In an oral decision rendered on August 9, 2001, the IJ denied Cao’s application for relief. The IJ made an adverse credibility determination based on discrepancies between Cao’s application and testimony, and also found that Cao had filed a frivolous application for asylum and had intentionally lied to the court.

Cao appealed. In his brief, Cao’s then counsel, David X. Feng, challenged the IJ’s adverse credibility determination by arguing that the inconsistencies noted by the IJ were minor and caused by a faulty translation. In a decision dated December 17, 2002, the Board of Immigration Appeals affirmed without opinion pursuant to former 8 C.F.R. § 3.1(e)(4) (now codified at 8 C.F.R. § 1003.1(e)(4) (2003)). Cao did not petition for review of this decision.

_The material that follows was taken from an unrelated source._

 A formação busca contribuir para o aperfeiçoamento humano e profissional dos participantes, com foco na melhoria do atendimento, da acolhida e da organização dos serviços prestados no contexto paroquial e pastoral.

On October 19, 2009, Cao filed a motion to reopen with the Board through new counsel. Cao alleged that prior counsel, Feng, rendered ineffective assistance in failing to specifically challenge the IJ’s finding of frivolousness in his brief before the Board. In an affidavit in support of the motion to reopen, Cao claimed that, but for counsel’s error in neglecting to challenge the finding of frivolousness, he would now be eligible for derivative asylee benefits through his wife. Cao explained that his wife was granted asylum on October 4, 2005. She attempted to file a Form 1-730 asylee relative petition on his behalf but learned that the IJ’s finding of frivolousness would prevent Cao from deriving status through her. Cao alleged that Feng had failed to tell him about the finding of frivolousness.

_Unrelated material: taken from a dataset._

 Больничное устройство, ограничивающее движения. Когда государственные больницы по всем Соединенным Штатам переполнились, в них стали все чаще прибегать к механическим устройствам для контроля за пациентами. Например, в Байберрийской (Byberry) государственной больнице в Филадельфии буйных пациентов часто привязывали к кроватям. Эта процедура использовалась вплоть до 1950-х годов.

To comply with Matter of hozada, 19 I. & N. Dec. 637 (BIA 1988), Cao submitted a letter from Feng, in which he responded to the charge of ineffectiveness. Feng contended that his argument against the negative credibility finding was sufficient, because, had he prevailed, the finding of frivolousness would have necessarily been undermined. A.R. 16. Cao countered that his prior counsel’s legal reasoning was plainly incorrect because an adverse credibility finding does not by itself support a finding that an asylum application is frivolous. See In re Y-L- 24 I. & N. Dec. 151, 156 (BIA 2007) (concluding that in determining that application for asylum is frivolous, IJ must address question of frivolousness separately and make specific findings that alien deliberately fabricated material elements of claim for asylum). Even when an IJ finds that an applicant is not credible, the question of frivolousless is separate. Accordingly, Feng rendered ineffective assistance. Cao explained that he saw no need to file a disciplinary complaint against Feng because he had been given an opportunity to respond to Cao’s allegations, and he had, in essence, admitted that *221 he did not expressly challenge the frivolousness finding. A.R. 11.

On April 30, 2010, the Board denied Cao’s motion to reopen as untimely filed. 8 C. F.R. § 1003.2(c)(2) (providing for 90 days from the date of order of removal in which to file motion to reopen). Noting that an allegation of ineffective assistance of counsel may provide a basis for equitable tolling of the motion to reopen deadline, see Borges v. Gonzales, 402 F.3d 398, 406 (3d Cir.2005), the Board faulted Cao for failing to report his former counsel to the disciplinary board as required by Lazada 1 The Board also determined that Cao had failed to act with due diligence in pursuing his ineffectiveness claim. Specifically, he offered no explanation for why he waited seven years after the Board’s decision to seek redress of prior counsel’s alleged deficient performance. See Mahmood v. Gonzales, 427 F.3d 248, 253 (3d Cir.2005). Lastly, the Board determined that Cao failed to show a reasonable likelihood that the result of the proceeding would have been different had prior counsel specifically argued in his brief that the IJ’s finding of frivolousness was in error. See Fadiga v. Att’y Gen., 488 F.3d 142, 157-59 (3d Cir.2007).